EXERCISE AIM:
Extract every record, exactly as written, and ignore the pictures.

EXERCISE MATERIAL:
####

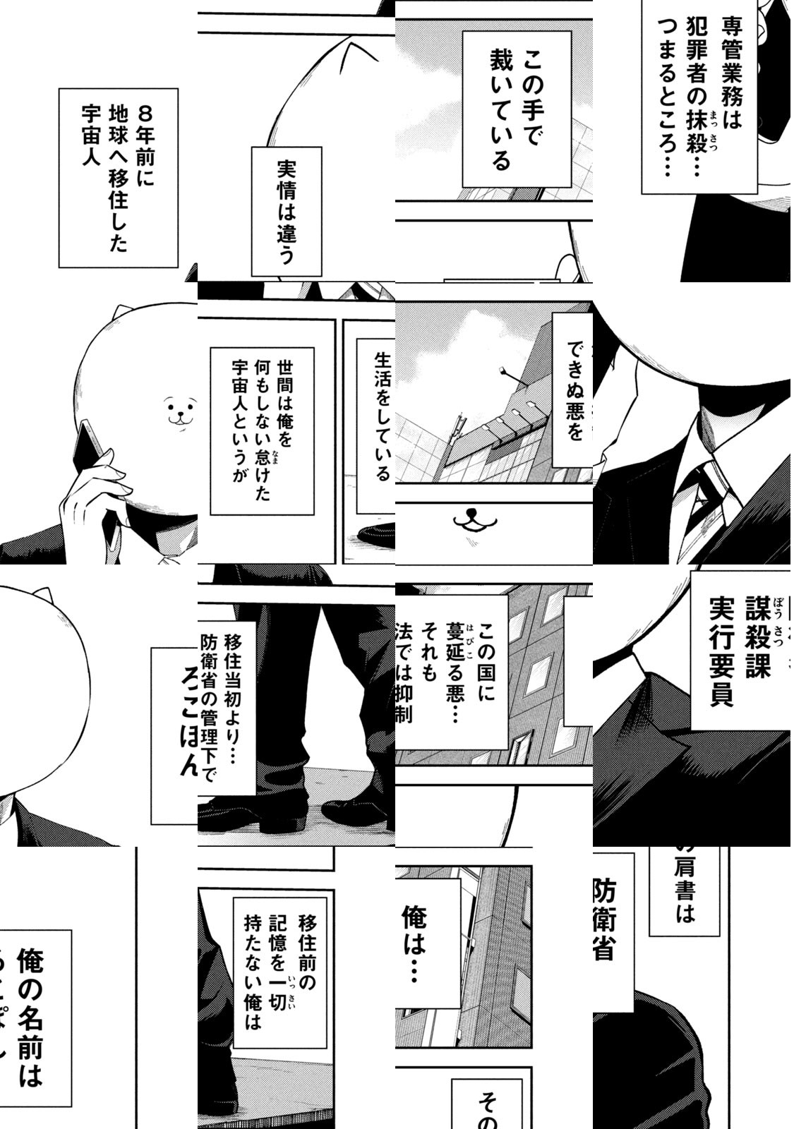 その宇宙人、殺し屋につき。ある日突然地球にやってきた、宇宙人ろこぽん。政府が彼に命じたのは、ボランティア活動だった。…表向きは。ろこぽんの本当の仕事は、「宇宙人は殺人罪に問われない」というむちゃくちゃな抜け穴を利用した殺し屋! 裏で本業をがんばるろこぽんのお仕事奮闘記、開幕。
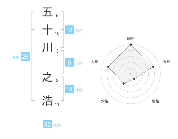 五十川 之浩さんを姓名の画数から五運を鑑定
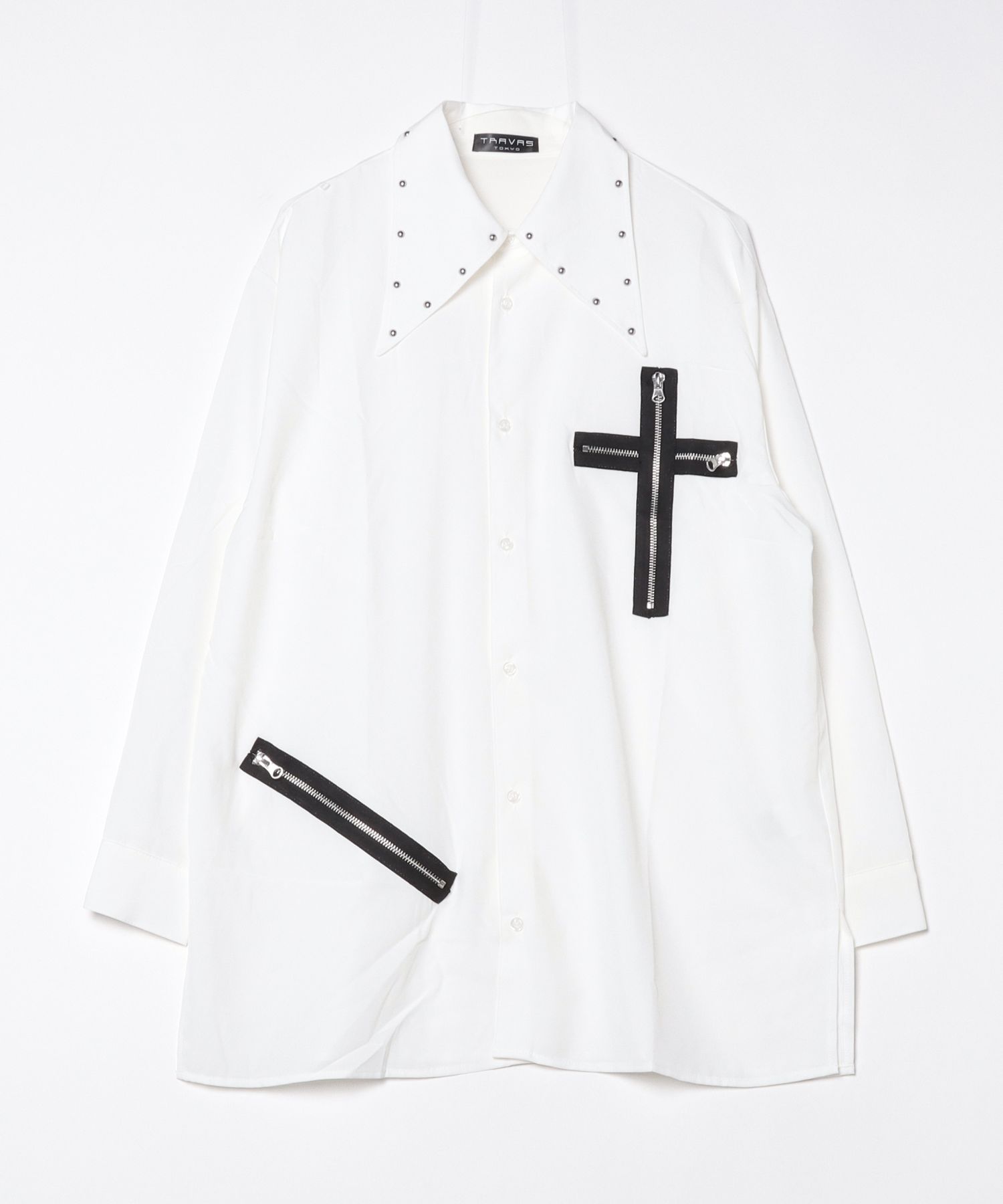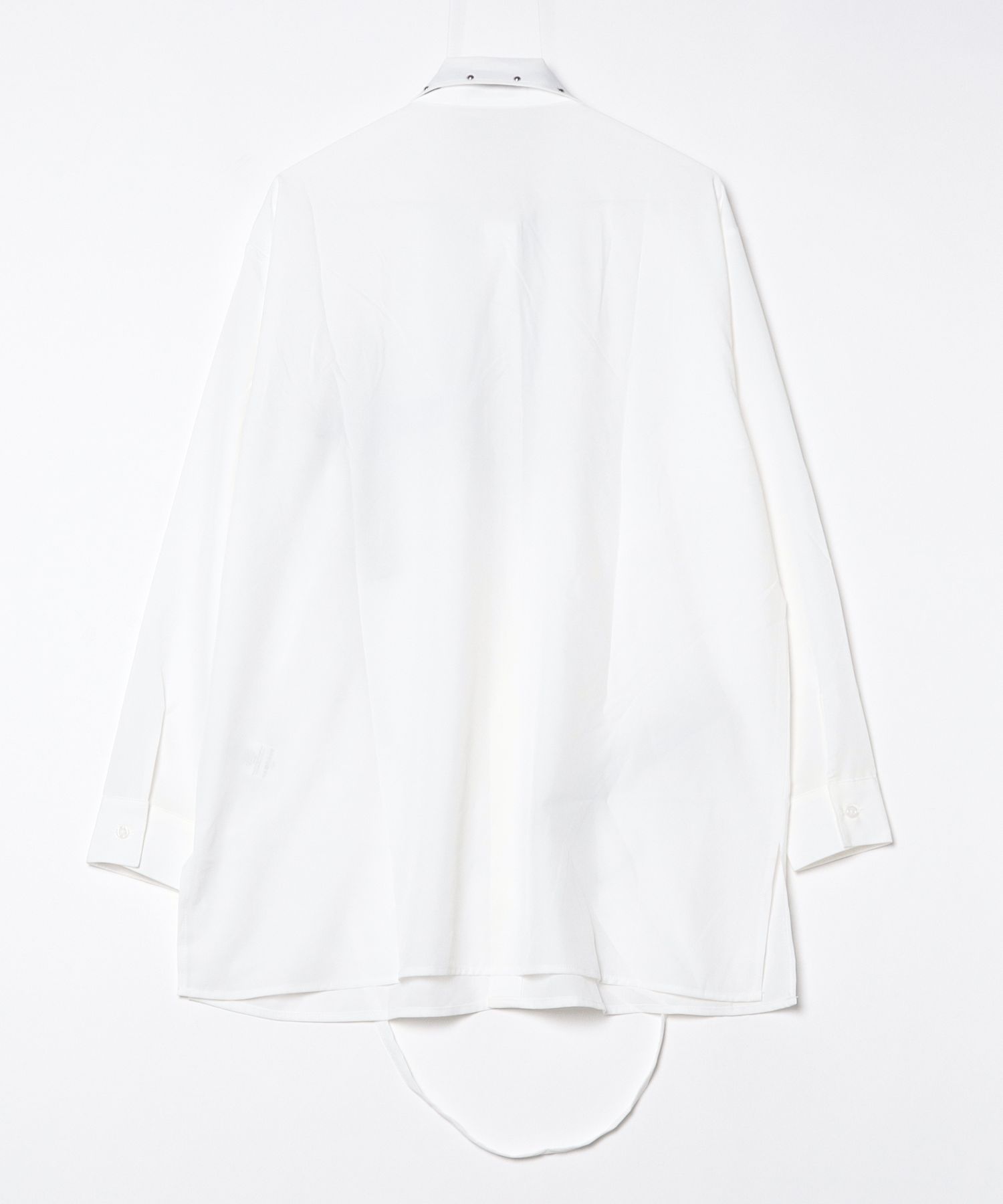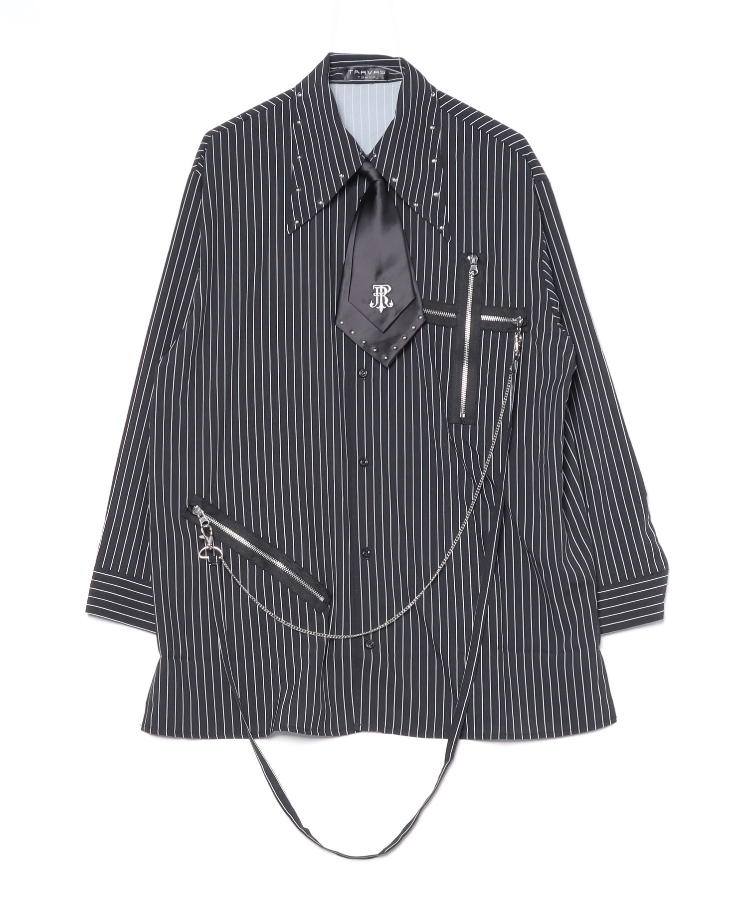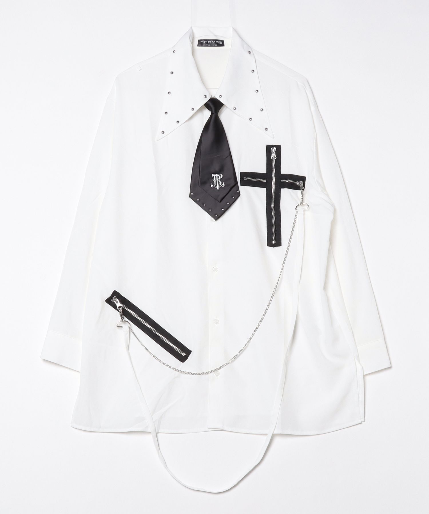 A long-sleeve shirt with a tie, featuring distinctive punk-inspired details.
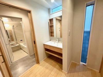 - 脱衣スペースと洗面室に間仕切りがあり生活導線の取れた間取りとなっております。
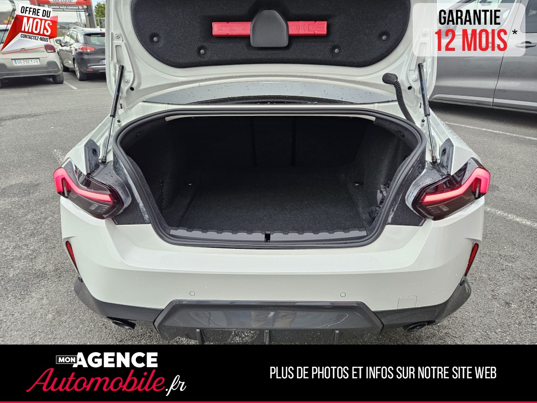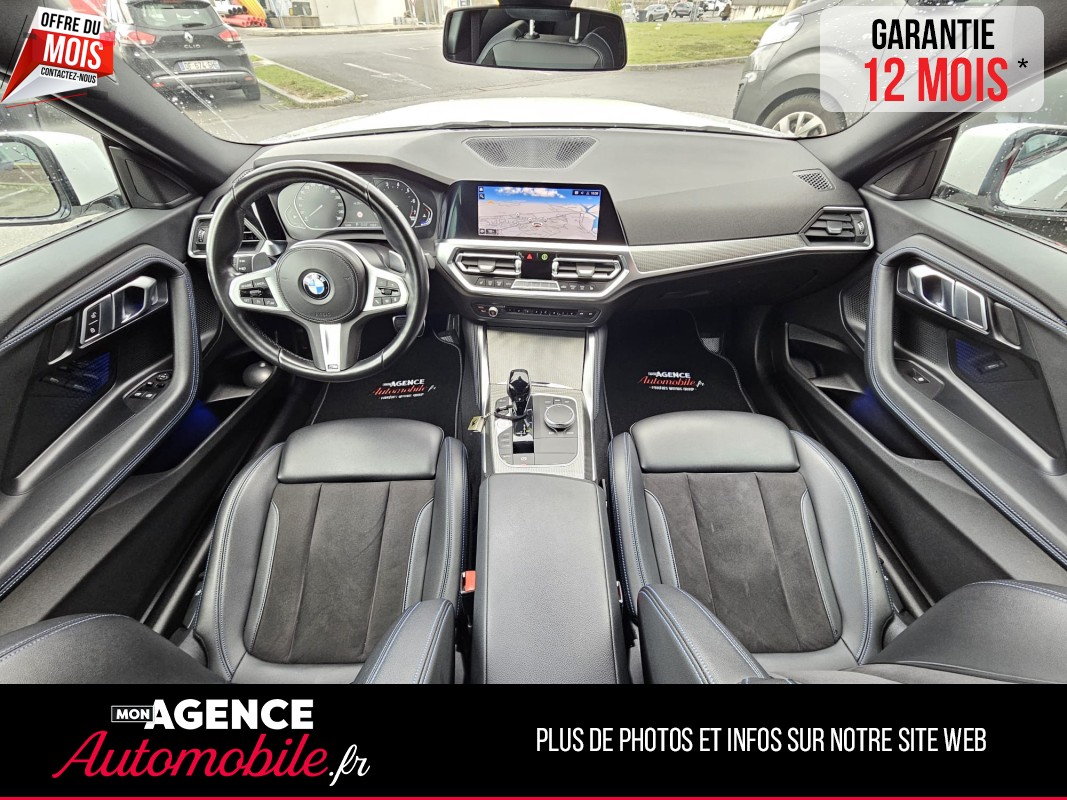 Previous Next Demander un accès pour découvrir le tarif 2022 millésime 57 203 kilométrage Essence énergie Automatique transmission 2022 millésime 57 203 kilométrage Essence énergie Automatique transmission Marque BMW Modèle Série 2 G42 COUPE 220IA 184Ch M SPORT BVA7 Couleur Blanc Chevaux fiscaux 10 CV Taux d'émission de CO2 147 Vignette Crit'Air Nombre de portes 3 portes Places assises 4 Référence 0241799 Options & équipements Intérieur Extérieur Sécurité Autres 2 Vitres électriques Accoudoir central Aide au démarrage en côte Allumage automatique des feux Banquette AR Rabattable 2/3-1/3 CarPlay Climatisation automatique Climatisation bizone Direction assistée Détecteur de pluie Fermeture centralisée à distance Frein de parking automatique Key less go (démarrage sans clé) Limiteur de vitesse Ordinateur de bord Ouverture/Fermeture sans clé Palettes au volant Prise AUX Prise USB Radar de stationnement détection arrière Radar de stationnement détection avant Reconnaissance vocale Régulateur de vitesse Rétroviseur central électrochrome Sellerie cuir alcantara Sièges baquets Sièges chauffants avant Stop and Start Suspension pilotée Système GPS Système téléphone Bluetooth Trappe à Ski Vitres teintées Volant cuir Volant multifonctions Volant réglable en hauteur Éclairage d'ambiance Crochet d'attelage amovible Feux directionnels Rétroviseurs électriques Rétroviseurs dégivrants Rétroviseurs rabattables électriquement Peinture intégrale Jantes alu Feux de jours à leds Full Leds Feux adaptatifs ABS - AFU Airbags Anti-démarrage Anti-patinage Contrôle de pression des pneus Détecteur dépassement de ligne ESP Fixation ISOFIX Freinage d'urgence Système d'alertes des angles morts dans les rétroviseurs Système détection somnolence Double des clés Kit de réparation Contact & informations Agence de GOND-PONTOUVRE 16160 GOND-PONTOUVRE Téléphone 06 24 97 81 11 Adresse email angouleme@monagenceautomobile.fr
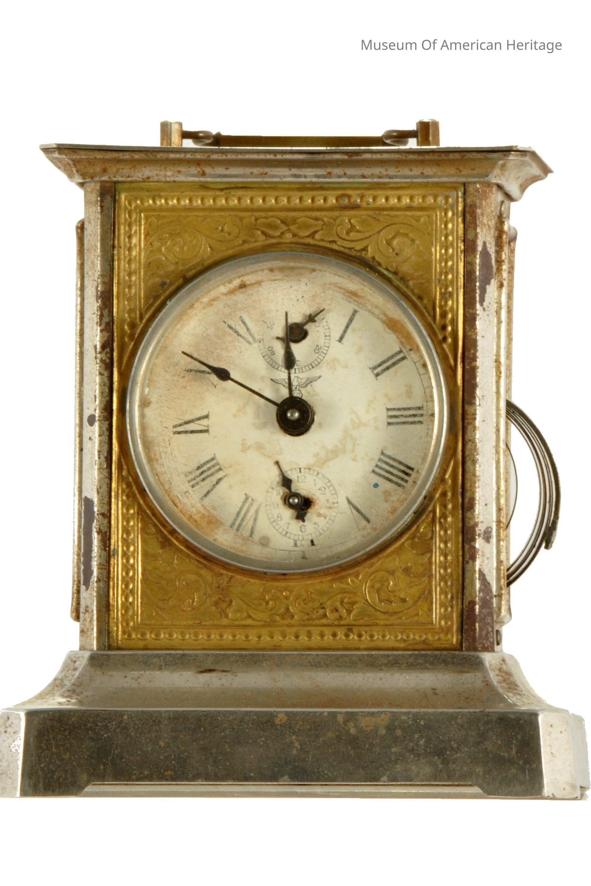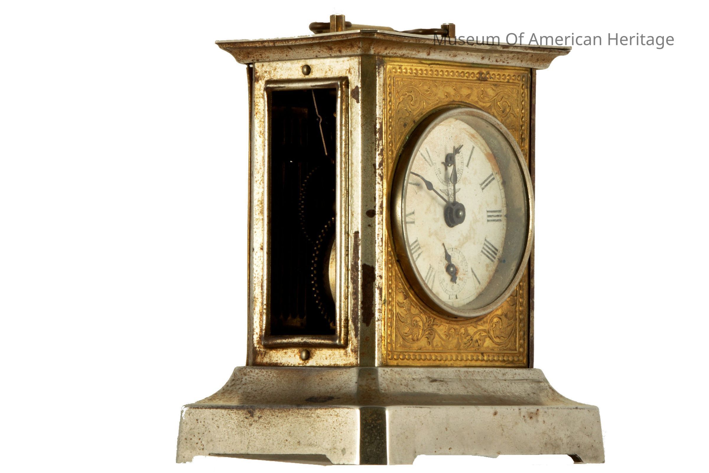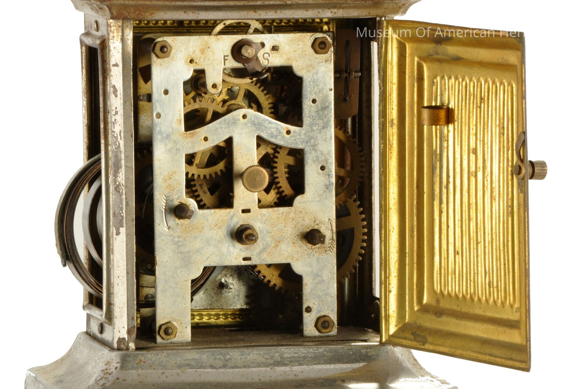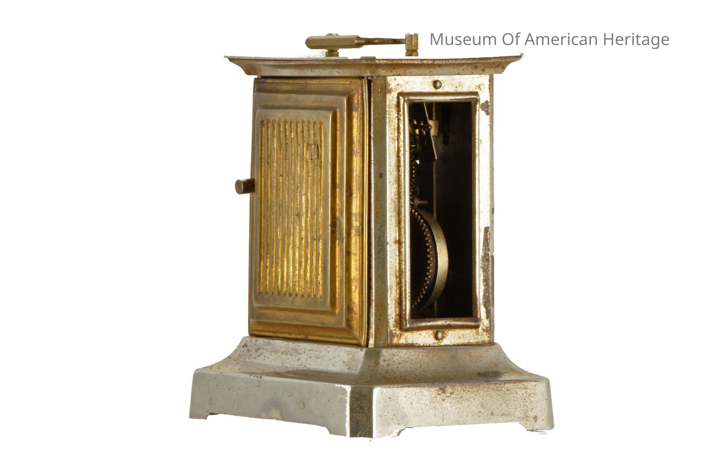 Eagle on ball logo, ball initials FMS, folding handle on top, wood panel in base, open sides (glass missing) with works visible, back door and front panel brass tone.

####

TASK RESULT:
 その宇宙人、殺し屋につき。ある日突然地球にやってきた、宇宙人ろこぽん。政府が彼に命じたのは、ボランティア活動だった。…表向きは。ろこぽんの本当の仕事は、「宇宙人は殺人罪に問われない」というむちゃくちゃな抜け穴を利用した殺し屋! 裏で本業をがんばるろこぽんのお仕事奮闘記、開幕。
 五十川 之浩さんを姓名の画数から五運を鑑定
 A long-sleeve shirt with a tie, featuring distinctive punk-inspired details.
 - 脱衣スペースと洗面室に間仕切りがあり生活導線の取れた間取りとなっております。
 Previous Next Demander un accès pour découvrir le tarif 2022 millésime 57 203 kilométrage Essence énergie Automatique transmission 2022 millésime 57 203 kilométrage Essence énergie Automatique transmission Marque BMW Modèle Série 2 G42 COUPE 220IA 184Ch M SPORT BVA7 Couleur Blanc Chevaux fiscaux 10 CV Taux d'émission de CO2 147 Vignette Crit'Air Nombre de portes 3 portes Places assises 4 Référence 0241799 Options & équipements Intérieur Extérieur Sécurité Autres 2 Vitres électriques Accoudoir central Aide au démarrage en côte Allumage automatique des feux Banquette AR Rabattable 2/3-1/3 CarPlay Climatisation automatique Climatisation bizone Direction assistée Détecteur de pluie Fermeture centralisée à distance Frein de parking automatique Key less go (démarrage sans clé) Limiteur de vitesse Ordinateur de bord Ouverture/Fermeture sans clé Palettes au volant Prise AUX Prise USB Radar de stationnement détection arrière Radar de stationnement détection avant Reconnaissance vocale Régulateur de vitesse Rétroviseur central électrochrome Sellerie cuir alcantara Sièges baquets Sièges chauffants avant Stop and Start Suspension pilotée Système GPS Système téléphone Bluetooth Trappe à Ski Vitres teintées Volant cuir Volant multifonctions Volant réglable en hauteur Éclairage d'ambiance Crochet d'attelage amovible Feux directionnels Rétroviseurs électriques Rétroviseurs dégivrants Rétroviseurs rabattables électriquement Peinture intégrale Jantes alu Feux de jours à leds Full Leds Feux adaptatifs ABS - AFU Airbags Anti-démarrage Anti-patinage Contrôle de pression des pneus Détecteur dépassement de ligne ESP Fixation ISOFIX Freinage d'urgence Système d'alertes des angles morts dans les rétroviseurs Système détection somnolence Double des clés Kit de réparation Contact & informations Agence de GOND-PONTOUVRE 16160 GOND-PONTOUVRE Téléphone 06 24 97 81 11 Adresse email angouleme@monagenceautomobile.fr
 Eagle on ball logo, ball initials FMS, folding handle on top, wood panel in base, open sides (glass missing) with works visible, back door and front panel brass tone.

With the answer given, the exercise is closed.